COVID-19, Crisanti: "Il virus è ancora tra di noi e il pericolo non è finito"

Alle immagini di milioni di italiani in spiaggia e nei luoghi di vacanza, spesso con poca attenzione al distanziamento sociale, si affiancano puntualmente le raccomandazioni degli esperti che, a fronte di dati molto positivi, non perdono occasione per ricordare a tutti che l'emergenza è tutt'altro che finita.

Abbassare la guardia in questo momento, e gli esperti sono concordi nell'affermarlo, potrebbe portare ad una nuova ondata. Andrea Crisanti, direttore del dipartimento di microbiologia dell’Università di Padova nonché consulente per l'emergenza COVID-19 del governatore del Veneto Luca Zaia, è intervenuto oggi a Mezz'ora in più per ribadire il concetto che sembra sfuggire a molti:

Serve consapevolezza, il virus è ancora tra di noi e il pericolo non è finito. Noi dobbiamo interrogarci se siamo preparati a spegnere sistematicamente i focolai che via via si manifesteranno e che con l'autunno e l'inverno sicuramente avranno dimensioni e frequenza maggiori.

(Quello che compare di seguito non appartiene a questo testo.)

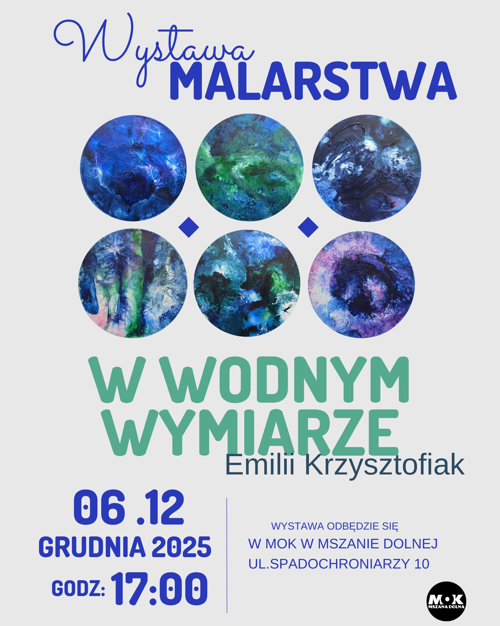 6 grudnia w Miejskim Ośrodku Kultury w Mszanie Dolnej odbędzie się wernisaż wystawy malarstwa Emilii Krzysztofiak pt. „W wodnym wymiarze”. Rozpoczęcie o godz. 17.00.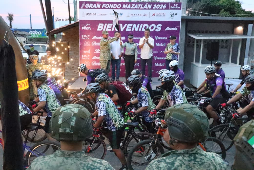 Mazatlán, Sinaloa a 8 de febrero de 2026.- Con El Faro de Mazatlán como punto de partida y en el marco de febrero, Mes del Ejército y Fuerza Aérea, cientos de ciclistas vivieron una experiencia llena de deporte, convivencia y orgullo nacional, en el arranque de la decimocuarta edición del Gran Fondo Mazatlán.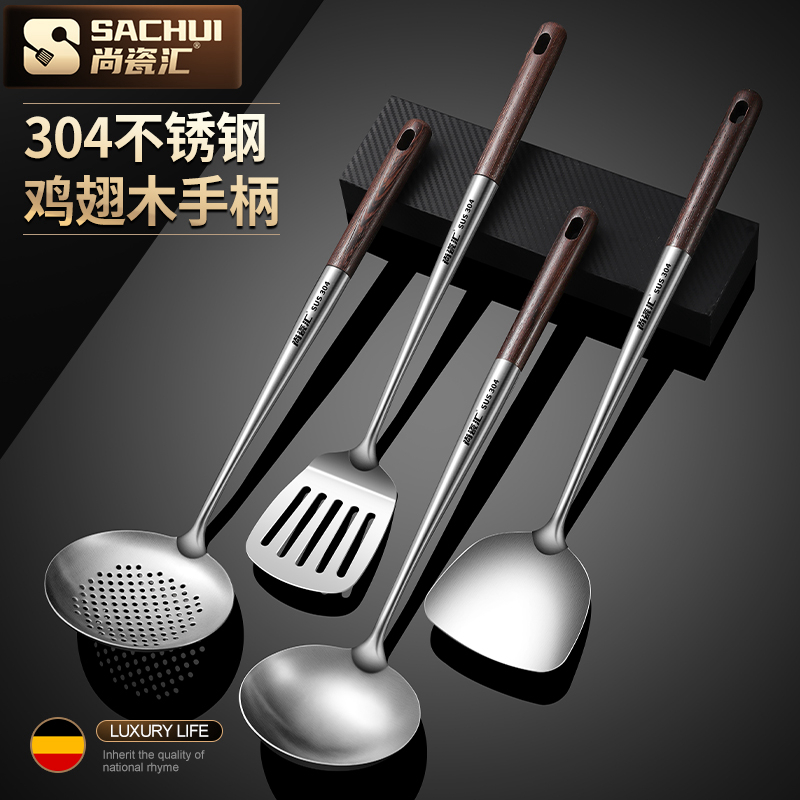 厨师炒勺304不锈钢长柄铲子炒菜勺子厨具套装 锅铲家用厨房汤漏勺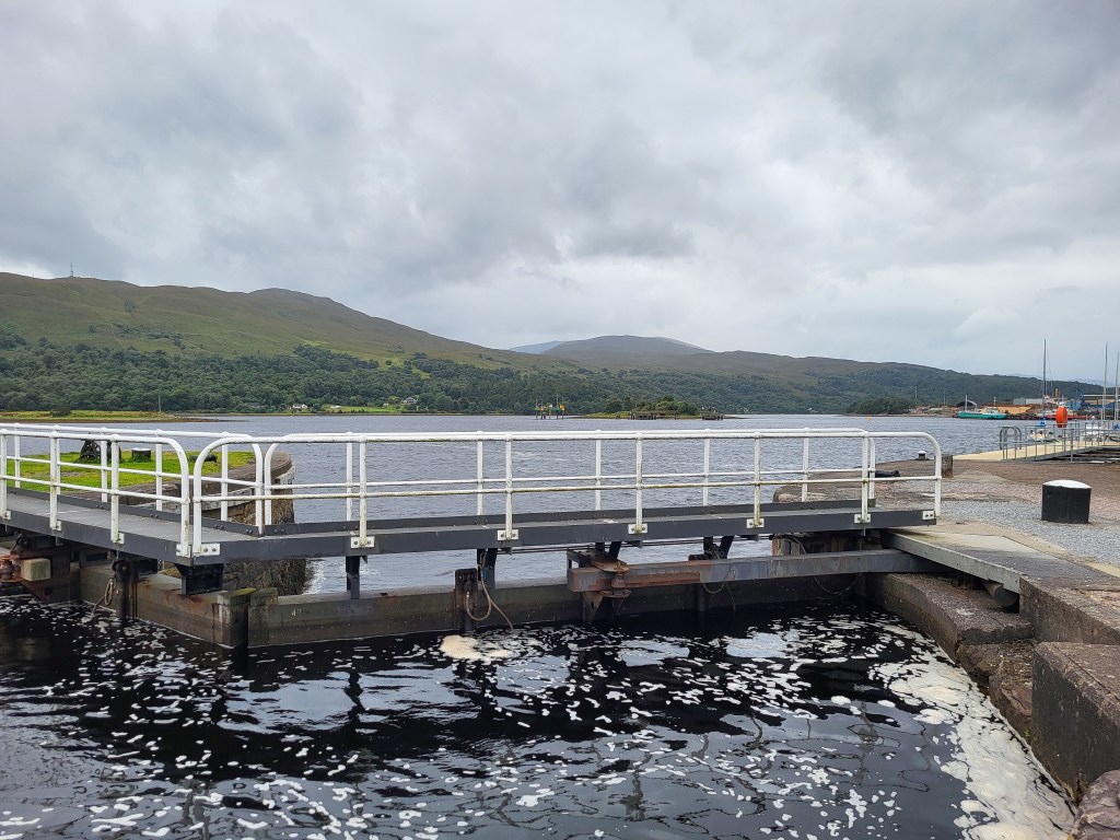 It’s not impossible to go through single-handed (we saw one very competent example, but it involved a lot of complicated ropework and some help from the lock keepers) but it’s a lot easier and more fun with friends, so I was pleased to be joined by Marnie (who was going to come with Sarah until the prop seal incident changed the dates) and Andrew (who benefitted from the changed dates to squeeze the trip into his hectic regatta schedule), and we duly convened on Tuesday afternoon at Muirtown Basin on the edge of Inverness in time to walk down and survey the sea lock at Clachnaharry which I’d come through the day before, sticking out into the mudflats of the Beuly Firth like one of those dams we used to build on the beach when the boys were little. (Actually the real reason was to go to the cosy Clachnaharry Inn, but it was nice for everyone to begin at the beginning, as it were).

Ad oggi abbiamo tante speranze per il vaccino, ma nessuna certezza. E se l'Europa sembra essersi lasciata alle spalle la fase più acuta dell'epidemia, nuovi focolai sono all'ordine del giorno e solo interventi tempestivi possono servire a tenerli sotto controllo. Questa potrebbe essere la nuova normalità ancora a lungo:

Dobbiamo insistere e incalzare il governo e le autorità regionali a essere preparati, più saremo preparati più saremo pronti a convivere per un paio d'anni con la dinamica di questo virus, fino a che un vaccino speriamo arrivi.

L'ammonimento di Crisanti è chiaro:

Dobbiamo attrezzarci con consapevolezza. Quello che è accaduto all'inizio dell'epidemia è in qualche modo perdonabile perché ci ha colto di sorpresa ma riprodurre la stessa situazione a ottobre-novembre sarebbe imperdonabile. E l'Italia non credo possa permetterselo.